> INSTRUCTIONS FOR THE TASK
Transcribe the listing exactly; drop the images.

> SOURCE DATA
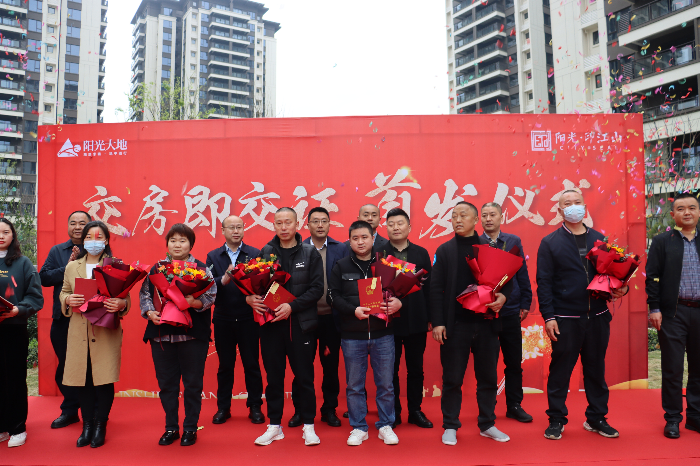 在经开区阳光·印江山交房即交证零距离首发仪式上,八名新房业主领到了属于自己的不动产权证,成为阳光·印江山项目第一批享受到交房即交证惠民政策的业主。
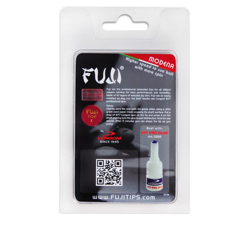 Многослойные наклейки Longoni Fuji производит один из старейших производителей бильярдного оборудования в мире - итальянская компания Norditalia. Наклейки изготовлены из десяти слоев спрессованной свиной кожи. Предлагаются в двух диаметрах - 13 и 14 мм - а также в трех градациях жесткости: мягкие, средние либо жесткие (Soft, Medium и Hard соответственно). В России марка Longoni традиционно популярна у поклонников русской пирамиды.
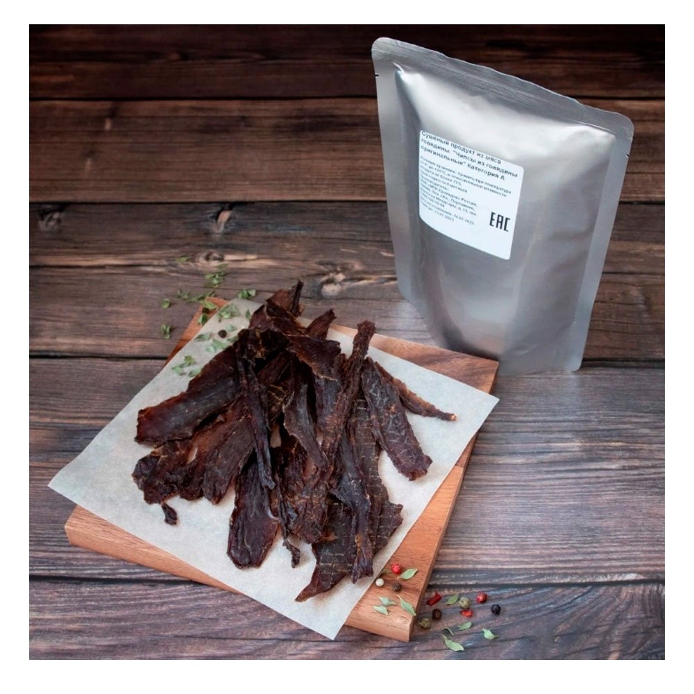 говядина, соль нитритная, декстроза, натуральные специи и их экстракты (перец красный, мускатный орех, кардамон, чеснок, паприка) усилители вкуса и аромата (Е621,), соль поваренная, регулятор кислотности Е575, ароматизатор (дым), сахар.
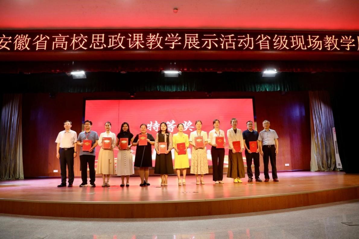 8月7日至8日,由中共安徽省委教育工委、安徽省教育厅主办,安徽省高校思想政治理论课教学指导委员会、安徽中医药大学承办的2024年度全省高校思想政治理论课教学展示活动省级现场教学展示在我校举行。我校马克思主义学院4位老师入选省级现场教学展示,经过激烈的角逐,项银霞老师获“思想道德与法治”(本科组)教学展示特等奖;陶春丽老师获“中国马克思主义与当代”(研究生组)二等奖,沈跃龙老师获“马克思主义基本原理”(本科组)二等奖,董琪老师获“形势与政策”(本科组)三等奖。

> EXPECTED ANSWER
 在经开区阳光·印江山交房即交证零距离首发仪式上,八名新房业主领到了属于自己的不动产权证,成为阳光·印江山项目第一批享受到交房即交证惠民政策的业主。
 Многослойные наклейки Longoni Fuji производит один из старейших производителей бильярдного оборудования в мире - итальянская компания Norditalia. Наклейки изготовлены из десяти слоев спрессованной свиной кожи. Предлагаются в двух диаметрах - 13 и 14 мм - а также в трех градациях жесткости: мягкие, средние либо жесткие (Soft, Medium и Hard соответственно). В России марка Longoni традиционно популярна у поклонников русской пирамиды.
 говядина, соль нитритная, декстроза, натуральные специи и их экстракты (перец красный, мускатный орех, кардамон, чеснок, паприка) усилители вкуса и аромата (Е621,), соль поваренная, регулятор кислотности Е575, ароматизатор (дым), сахар.
 8月7日至8日,由中共安徽省委教育工委、安徽省教育厅主办,安徽省高校思想政治理论课教学指导委员会、安徽中医药大学承办的2024年度全省高校思想政治理论课教学展示活动省级现场教学展示在我校举行。我校马克思主义学院4位老师入选省级现场教学展示,经过激烈的角逐,项银霞老师获“思想道德与法治”(本科组)教学展示特等奖;陶春丽老师获“中国马克思主义与当代”(研究生组)二等奖,沈跃龙老师获“马克思主义基本原理”(本科组)二等奖,董琪老师获“形势与政策”(本科组)三等奖。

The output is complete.